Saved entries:
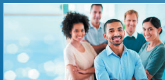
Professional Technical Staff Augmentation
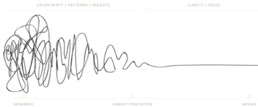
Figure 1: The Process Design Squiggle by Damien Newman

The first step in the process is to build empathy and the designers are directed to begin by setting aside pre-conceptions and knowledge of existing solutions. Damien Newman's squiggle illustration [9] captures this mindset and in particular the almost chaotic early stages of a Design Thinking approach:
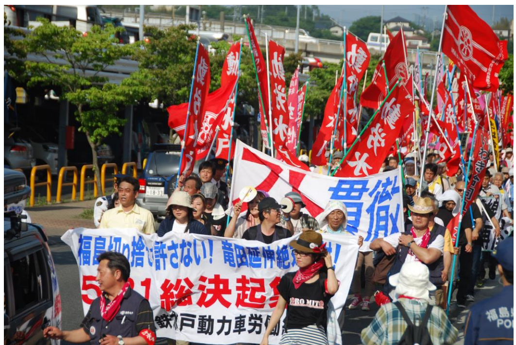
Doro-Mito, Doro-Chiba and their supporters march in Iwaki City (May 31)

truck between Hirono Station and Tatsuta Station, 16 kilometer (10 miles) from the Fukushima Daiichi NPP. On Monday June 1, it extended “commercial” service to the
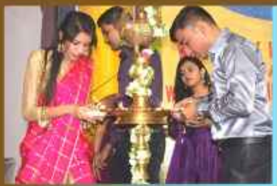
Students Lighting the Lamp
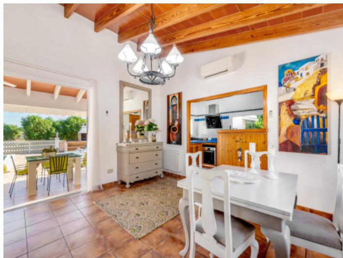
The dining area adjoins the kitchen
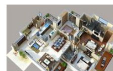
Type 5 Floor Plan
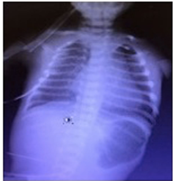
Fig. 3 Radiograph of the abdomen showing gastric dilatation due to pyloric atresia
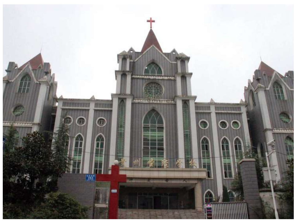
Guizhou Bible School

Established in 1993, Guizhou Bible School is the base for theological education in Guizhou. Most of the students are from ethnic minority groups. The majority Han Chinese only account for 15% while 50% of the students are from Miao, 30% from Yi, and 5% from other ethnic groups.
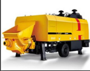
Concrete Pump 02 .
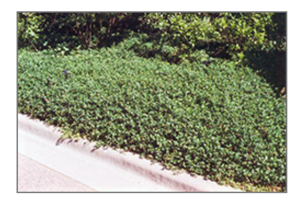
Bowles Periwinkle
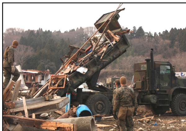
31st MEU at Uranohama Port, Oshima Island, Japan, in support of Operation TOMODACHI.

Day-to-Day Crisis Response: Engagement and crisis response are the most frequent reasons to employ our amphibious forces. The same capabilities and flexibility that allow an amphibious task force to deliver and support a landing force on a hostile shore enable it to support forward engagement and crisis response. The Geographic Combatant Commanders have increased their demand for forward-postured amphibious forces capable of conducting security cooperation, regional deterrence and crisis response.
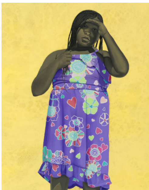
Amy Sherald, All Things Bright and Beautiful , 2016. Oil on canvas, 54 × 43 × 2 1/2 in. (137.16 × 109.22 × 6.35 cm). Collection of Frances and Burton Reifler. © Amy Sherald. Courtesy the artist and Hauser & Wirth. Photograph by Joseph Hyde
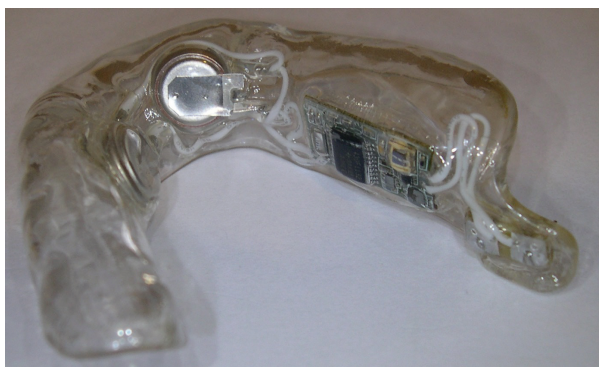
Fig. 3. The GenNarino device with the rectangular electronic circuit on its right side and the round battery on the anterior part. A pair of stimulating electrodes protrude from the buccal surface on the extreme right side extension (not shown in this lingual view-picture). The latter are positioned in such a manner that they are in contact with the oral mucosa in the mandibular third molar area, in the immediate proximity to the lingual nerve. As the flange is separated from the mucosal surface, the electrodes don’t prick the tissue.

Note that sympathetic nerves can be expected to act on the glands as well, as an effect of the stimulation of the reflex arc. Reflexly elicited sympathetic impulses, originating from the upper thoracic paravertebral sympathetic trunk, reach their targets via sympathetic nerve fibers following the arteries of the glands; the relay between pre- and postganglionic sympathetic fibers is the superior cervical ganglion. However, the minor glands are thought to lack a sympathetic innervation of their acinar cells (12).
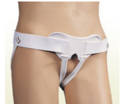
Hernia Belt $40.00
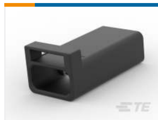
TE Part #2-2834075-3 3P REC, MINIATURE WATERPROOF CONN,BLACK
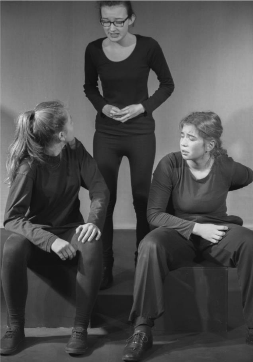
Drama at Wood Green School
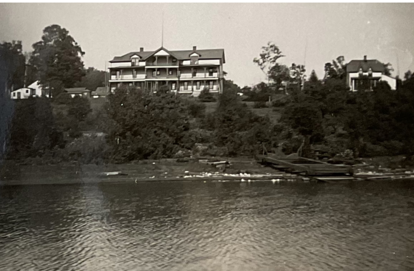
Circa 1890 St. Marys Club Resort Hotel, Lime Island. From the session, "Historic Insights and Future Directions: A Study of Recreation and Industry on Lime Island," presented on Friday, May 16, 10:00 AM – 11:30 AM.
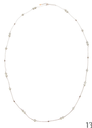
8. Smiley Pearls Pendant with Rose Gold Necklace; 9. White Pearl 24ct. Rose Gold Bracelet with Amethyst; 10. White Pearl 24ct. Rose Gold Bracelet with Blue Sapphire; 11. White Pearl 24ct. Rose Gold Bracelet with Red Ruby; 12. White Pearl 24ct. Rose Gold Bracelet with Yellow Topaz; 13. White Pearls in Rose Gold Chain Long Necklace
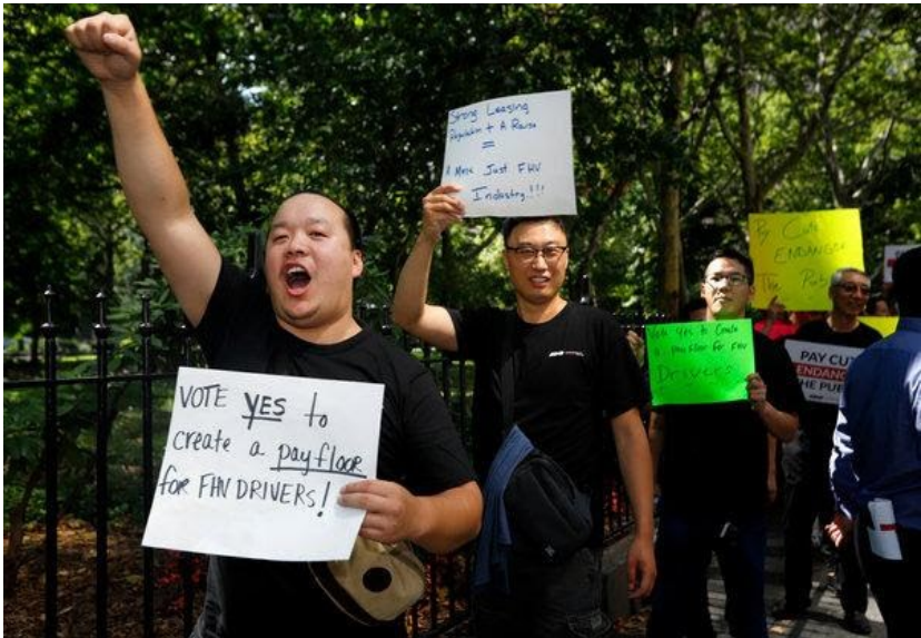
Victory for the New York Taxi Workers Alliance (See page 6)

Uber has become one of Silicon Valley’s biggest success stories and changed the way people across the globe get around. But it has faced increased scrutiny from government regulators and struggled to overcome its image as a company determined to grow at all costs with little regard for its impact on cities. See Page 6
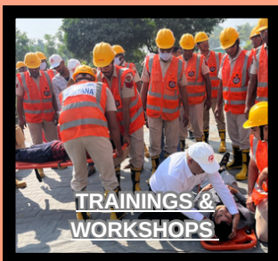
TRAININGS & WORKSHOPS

What to produce:
Among the lines above, find the ones containing "School" and copy them.

Written solution:
Guizhou Bible School
Established in 1993, Guizhou Bible School is the base for theological education in Guizhou. Most of the students are from ethnic minority groups. The majority Han Chinese only account for 15% while 50% of the students are from Miao, 30% from Yi, and 5% from other ethnic groups.
Drama at Wood Green School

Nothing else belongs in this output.